Description of the task —
Using the records below, copy exactly the part that opens with the line holding "- На заключительном" and closes with the line holding "- • Follow the", minus the pictures.

Data —
◆ ◆ ◆ ◆ ◆
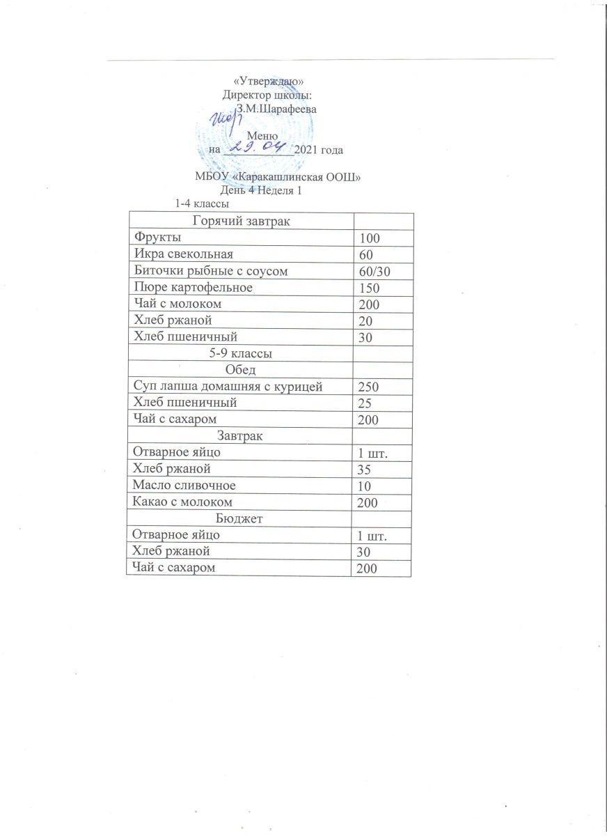 Меню на 29 сентября 5-9 классы
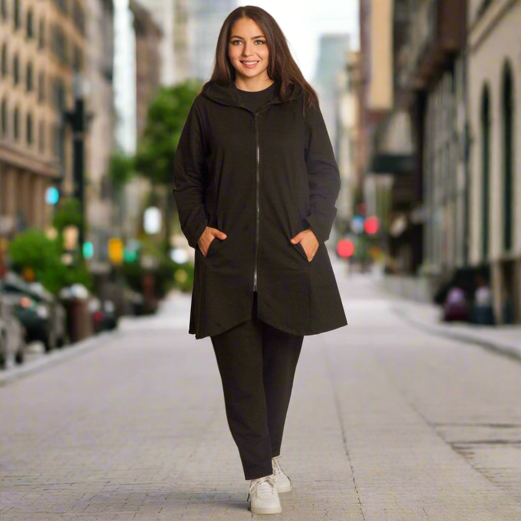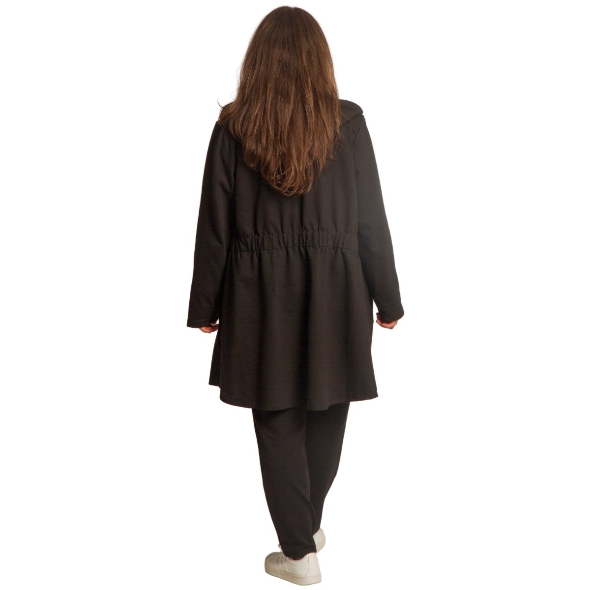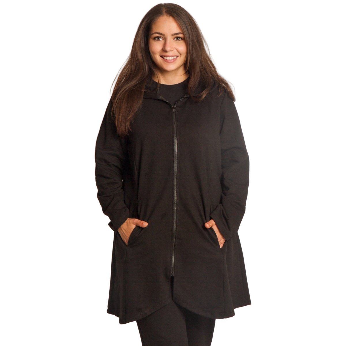 Стилен и удобен суитшърт в големи размери, изработен от мек и еластичен памук с добавен еластан за комфорт през целия ден. Моделът е с практична качулка, дълъг цип отпред и разкроена кройка, която осигурява свобода на движението и прикрива нежеланите зони. Класическият черен цвят го прави универсален избор както за ежедневието, така и за по-официални поводи. Подходящ за есенно-зимния сезон.
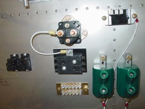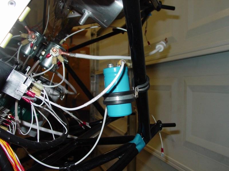 I am using this big heavy-duty capacitor to filter the regulator output. This should prevent any wayward spikes from reaching anything in my electrical system, as well as cut out any alternator noise in my headset. $20 from B&C Specialty.
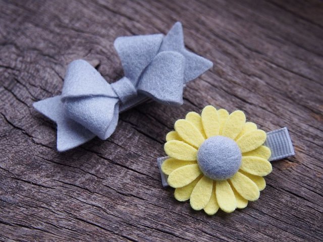 Kokardka i kwiatuszek z filcu merino ozdobiony ręcznie robionym guziczkiem
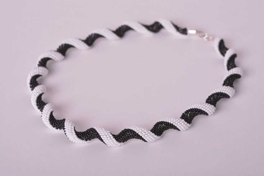- На заключительном этапе изготовления украшения своими руками закрепите застежку на колье.
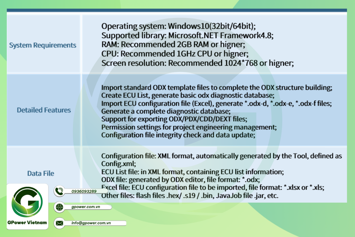 - • Follow the ASAM standard ODX templates and Excel templates combined with double checking, effectively guaranteeing the completeness and accuracy of the ge-nerated data
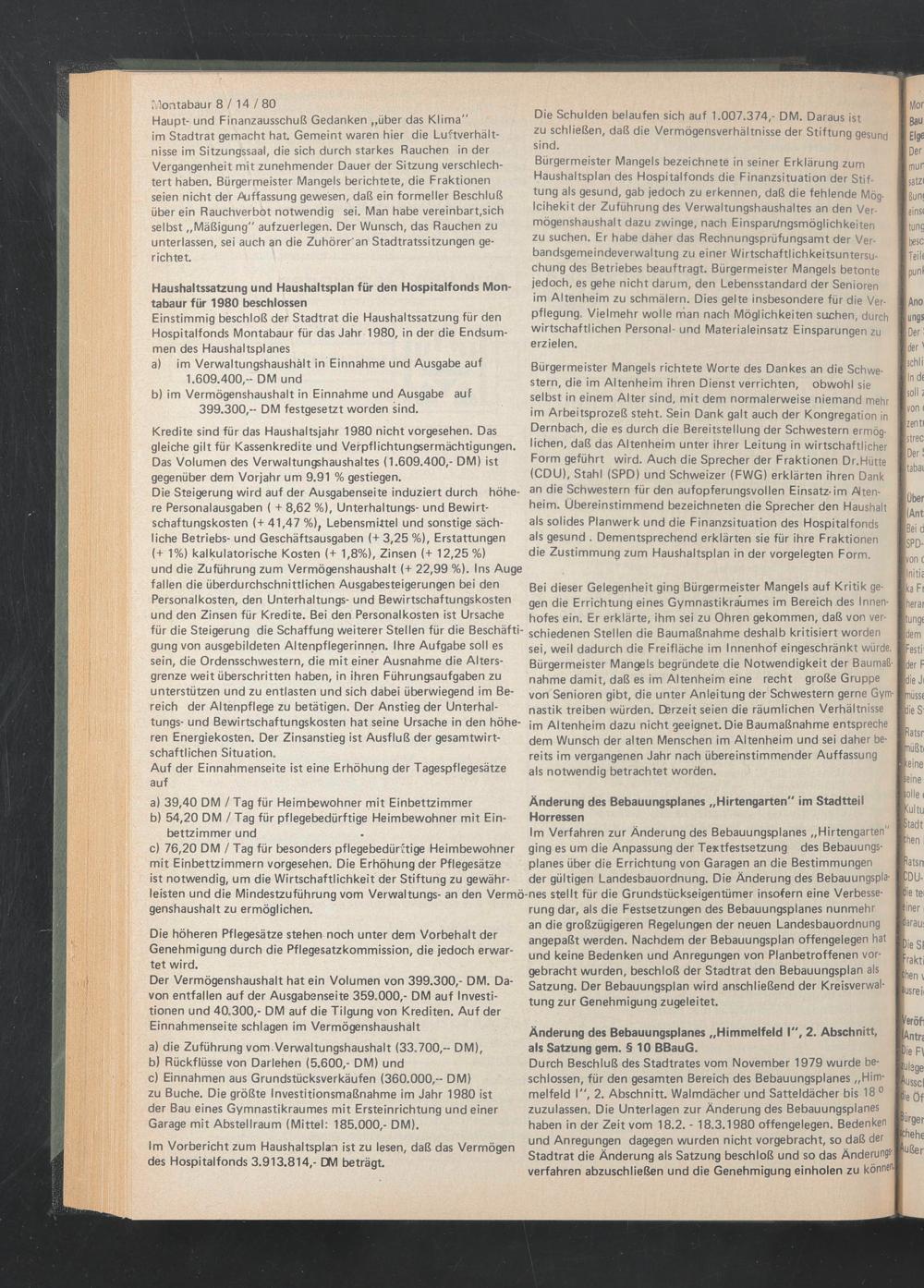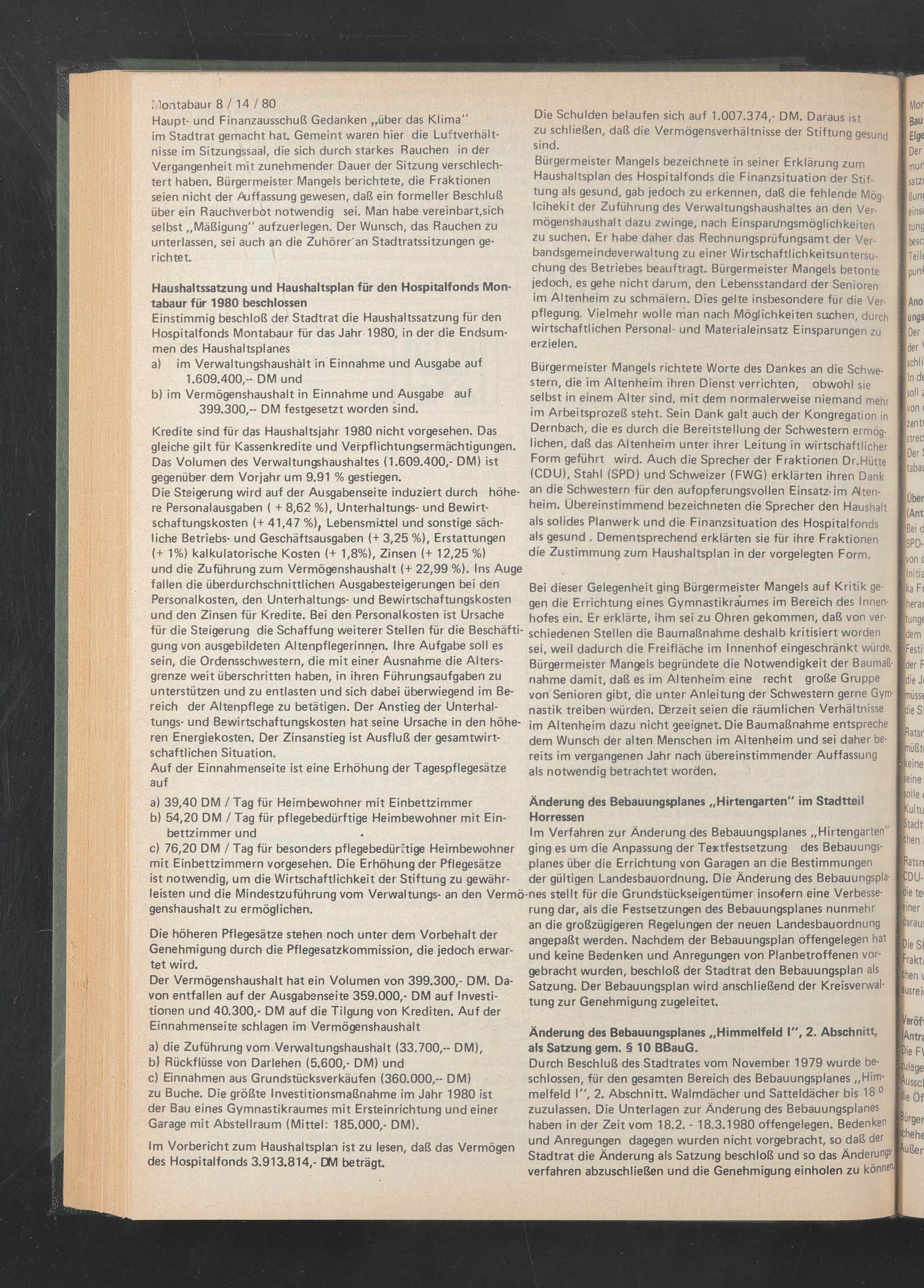 Einstimmig beschloß der Stadtrat die Haushaltssatzung für den Hospitalfonds Montabaur für das Jahr 1980, in der die Endsummen des Haushaltsplanes
◆ ◆ ◆ ◆ ◆
Output of the task —
- На заключительном этапе изготовления украшения своими руками закрепите застежку на колье.
 - • Follow the ASAM standard ODX templates and Excel templates combined with double checking, effectively guaranteeing the completeness and accuracy of the ge-nerated data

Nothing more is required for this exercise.